人間は魔族に、動物は魔物へと変貌します。魔族病に罹った者は理性を無くして人を襲うようになります。中には理性を保ったままでいられる人かたもいらっしゃったようですが私は見たことがありません。
さらに、姿かたちも変わってしまう可能性があります。
この病気の感染方法はいまだに不明、治療法も見つかってはおりません。
もし街中で魔族になってしまった場合、その場で殺されるか、追放されるかの二択になります」
「とんでもない病気だな。ん?確か似たような病気をオレは知っているぞ」
「本当ですか!」
どうやら別の世界にも似たような症状をもつ病気があるみたいです。もしかしたら感染方法や治療法が同じかもしれません。
「ああ、たぶんお前が期待しているようなことはない。その世界での病気の発症する理由は心だ」
「心ですか」
「そうだ。心から穢れが発生して理性で止められなくなった時、お前が言った同じようなことが起きる。
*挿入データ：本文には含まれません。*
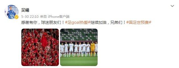 北京时间5月30日,中国7-0大胜关岛。赛后吴曦发微博庆祝道:“感谢有你,球迷朋友们!继续加油,兄弟们!”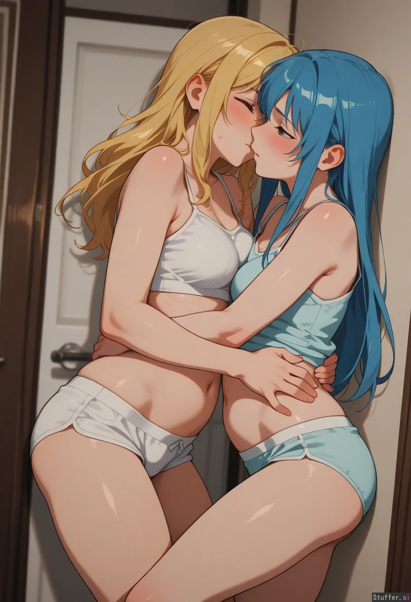 Lesbian_couple, yuri, grabbing_belly, turned_on, embarrassed, (blue_hair), ((blonde_hair)), (chubby_belly: 0.0), ((pregnant_belly: 0.4))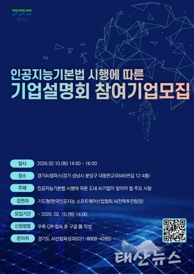 태산뉴스 김준수 기자 | 경기도가 지난 1월 22일 시행된 ‘인공지능 기본법’에 대한 도내 기업들의 이해를 돕기 위해 10일 오후 2시 판교 경기AI캠퍼스에서 AI 기업 대상 설명회를 개최한다.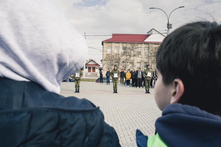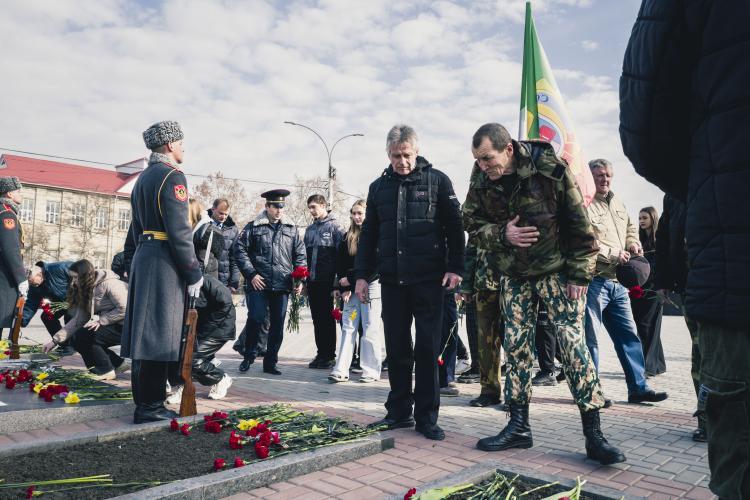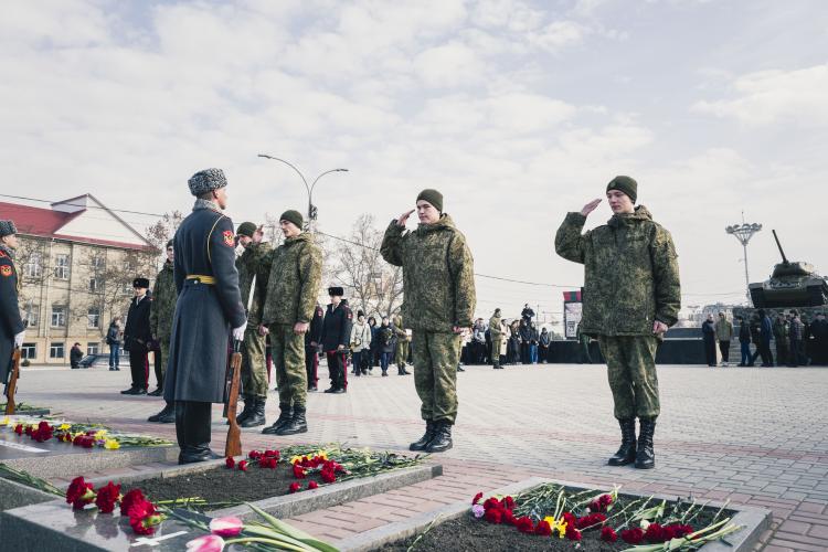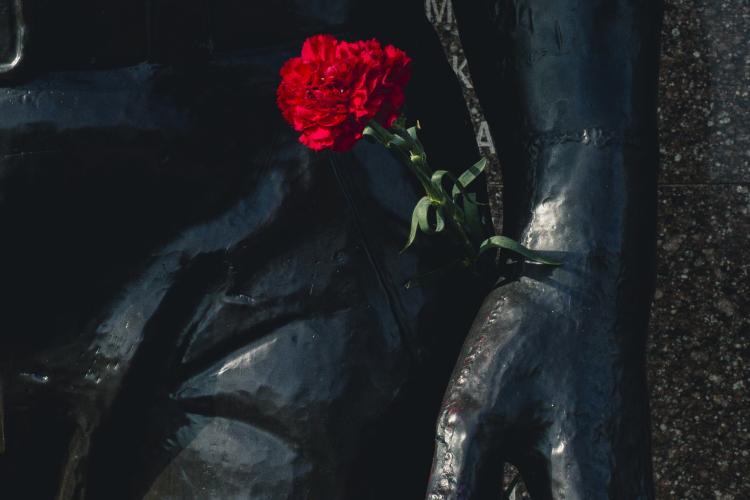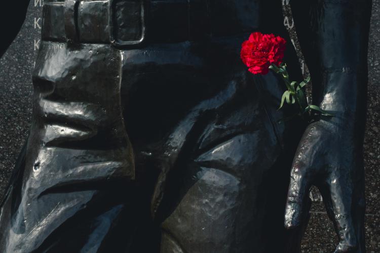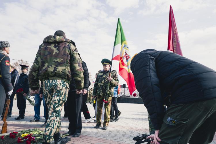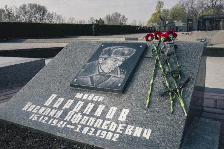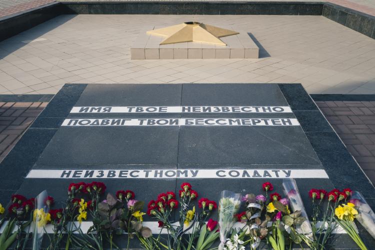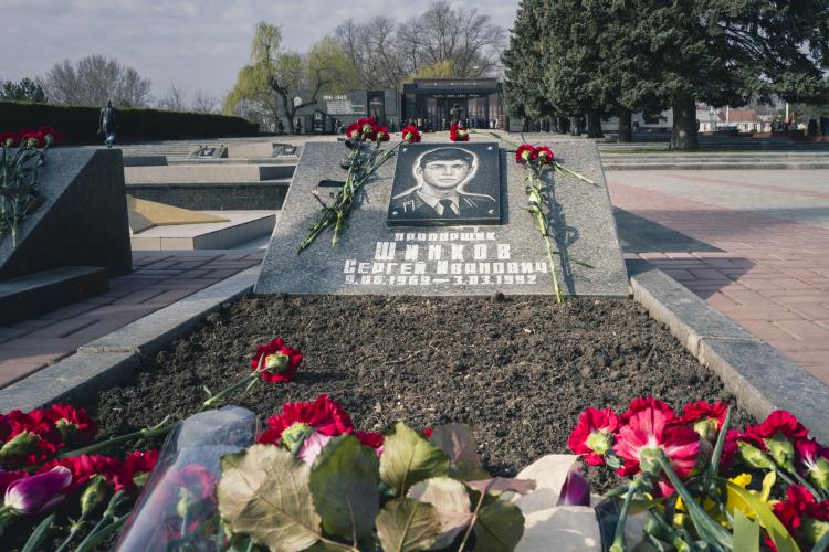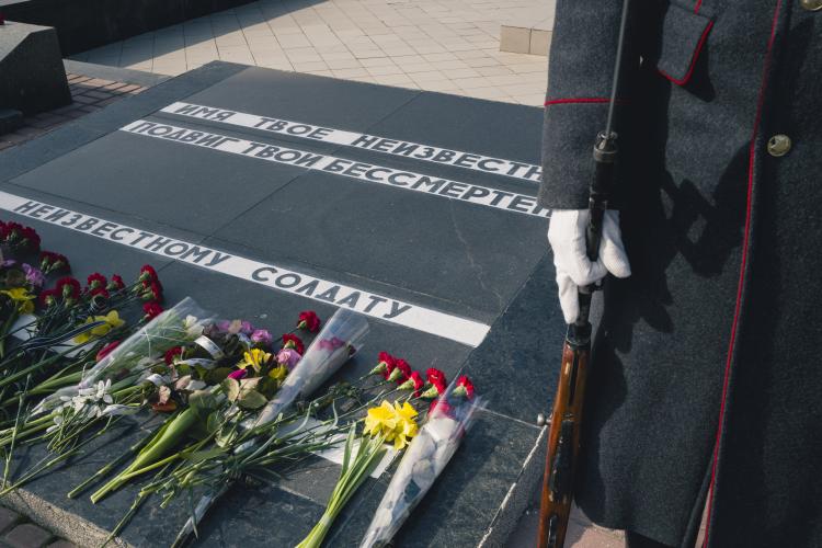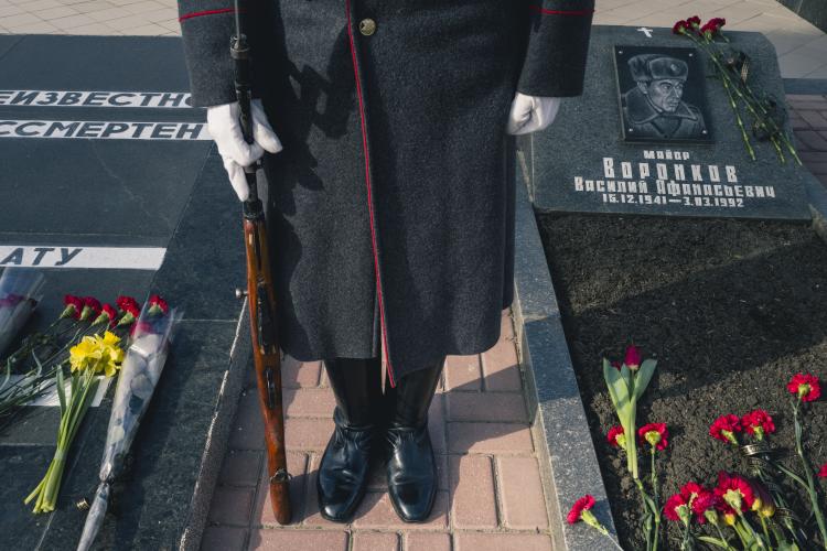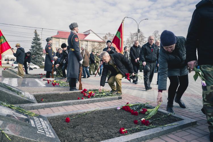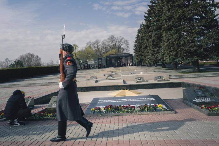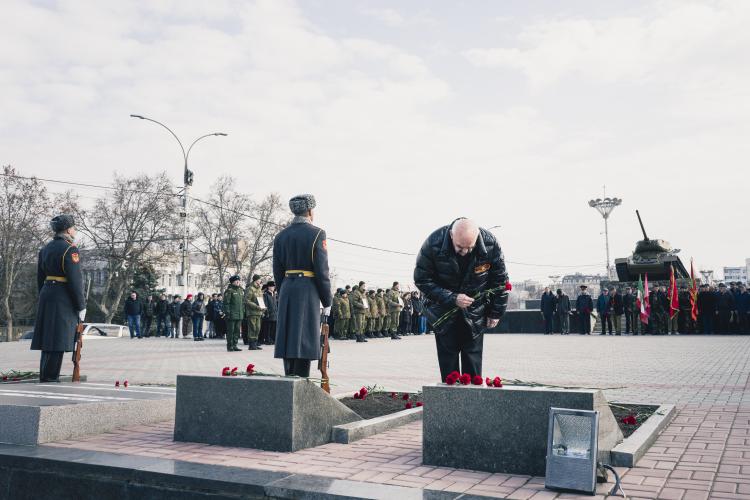 Ceremonie de souvenirs et commemoration au Memorial de la guerre civile de 1990-1992 avec la Moldovie et a la guerre de 1941-1945. Depot d oeillets rouges et jonquilles sur les Steles des combattants de la guerre 1990-1992, ainsi que sur le Memorial 1941-1945. Transnistrie, Tiraspol le 3 mars 2024.

これを見たとき世界にはこんなにも穢れているのだなと思ったぞ。この病気を治すにはある種族の穢れを浄化する力しかない。だがお前たちの世界ではいなさそうだな。それにこれは似たような病気だから感染方法や治療法も同じだとは限らんだが、参考になる程度に考えておけ」
「はい」
この病気は別の世界ならと思いましたが、とある種族の浄化の力が無ければ治せないのですか。ならこのままの状態で生きることを考えた方が建設的でしょう。何分、私は姿が人間のままなのですから。
「さて、休憩はここまでだ。ガンガン戦おうぜ。そして、お前に神気合一の仕方をたたき込んでやるよ。これが使えようになったら一種の切り札だ。ここぞというときに使えよ。そうでないと体力が持たねえと思うからな!」
彼女との組み手を再開させて体を動かしました。この時から彼女は私に神気合一という技を習得させようと特訓メニューを考えるようになりました。
私は面白そうなので彼女が考えた特訓メニューを受けることにしました。
今思うと王子の婚約者時代とは違い、今の方が自由をとても感じられました。
今なら自分のしたいことが自分の意志ですることができる。その代りやったことに対しての責任は全て自分で取らなければなりませんがこれはこれで自分が今を生きている実感させてくれていました。
それからは彼女からの特訓を受けながら自分用の新たな武具を作りました。
特訓の合間に彼女から教えてもらってやったテレビゲームに出てくる妖精の名を持つ機動兵器のモーションがかっこよくマネしたいと思って。まず完成させたのが実体短剣二本でした。
短剣にはノーザンライト・リッパーと名付けました。
本当は刀身をビームにしたかったのですが、彼女からそこまで手を貸してやれないと言われたので断念しました。
その次に鎧など身を守る武具を作りました。
今度は武器を作る際参考にしたゲームとは違い作品としては同じ名前が入っていましたが、今度はカスタマイズアクションゲームです。その作品に登場する機体を元にして鎧など完成させました。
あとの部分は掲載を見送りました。